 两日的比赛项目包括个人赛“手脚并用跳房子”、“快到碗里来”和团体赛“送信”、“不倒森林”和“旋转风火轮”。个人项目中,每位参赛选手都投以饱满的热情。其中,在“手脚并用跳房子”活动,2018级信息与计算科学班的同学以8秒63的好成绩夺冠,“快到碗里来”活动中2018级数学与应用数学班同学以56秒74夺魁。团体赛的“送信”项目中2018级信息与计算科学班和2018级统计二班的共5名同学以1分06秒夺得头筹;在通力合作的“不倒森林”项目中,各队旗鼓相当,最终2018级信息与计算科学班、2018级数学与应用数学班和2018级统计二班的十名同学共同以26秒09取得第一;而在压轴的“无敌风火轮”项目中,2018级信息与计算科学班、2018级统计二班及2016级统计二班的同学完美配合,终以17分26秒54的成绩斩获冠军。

...

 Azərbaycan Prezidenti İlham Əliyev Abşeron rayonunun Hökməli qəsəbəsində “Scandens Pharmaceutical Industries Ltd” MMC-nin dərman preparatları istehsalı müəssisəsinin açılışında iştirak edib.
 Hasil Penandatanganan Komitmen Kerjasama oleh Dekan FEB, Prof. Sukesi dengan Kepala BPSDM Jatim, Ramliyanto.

* * *

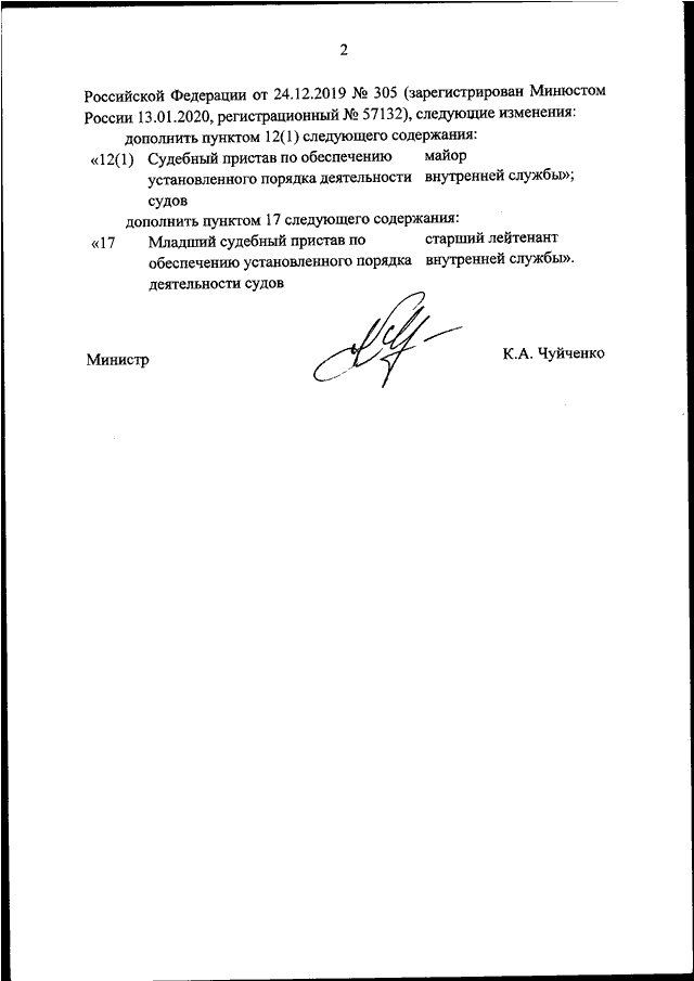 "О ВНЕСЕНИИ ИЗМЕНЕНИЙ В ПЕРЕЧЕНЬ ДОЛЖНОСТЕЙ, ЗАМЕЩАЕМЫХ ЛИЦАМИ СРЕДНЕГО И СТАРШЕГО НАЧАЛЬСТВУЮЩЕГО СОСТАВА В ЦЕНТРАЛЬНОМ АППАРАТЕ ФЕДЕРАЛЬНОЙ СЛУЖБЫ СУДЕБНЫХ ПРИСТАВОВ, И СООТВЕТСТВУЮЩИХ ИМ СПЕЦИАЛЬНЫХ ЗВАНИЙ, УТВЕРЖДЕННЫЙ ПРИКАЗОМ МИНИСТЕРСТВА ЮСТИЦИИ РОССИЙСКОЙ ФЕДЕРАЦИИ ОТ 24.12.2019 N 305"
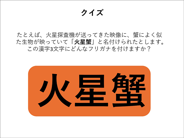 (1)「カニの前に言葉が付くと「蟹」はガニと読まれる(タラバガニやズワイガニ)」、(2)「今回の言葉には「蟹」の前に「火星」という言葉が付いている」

• _What the task requires_: From the records above, copy only the lines starting with the line that holds "Azərbaycan Prezidenti İlham" and going on through the line that holds "Hasil Penandatanganan Komitmen", exactly as written.

• _Answer space_:
 Azərbaycan Prezidenti İlham Əliyev Abşeron rayonunun Hökməli qəsəbəsində “Scandens Pharmaceutical Industries Ltd” MMC-nin dərman preparatları istehsalı müəssisəsinin açılışında iştirak edib.
 Hasil Penandatanganan Komitmen Kerjasama oleh Dekan FEB, Prof. Sukesi dengan Kepala BPSDM Jatim, Ramliyanto.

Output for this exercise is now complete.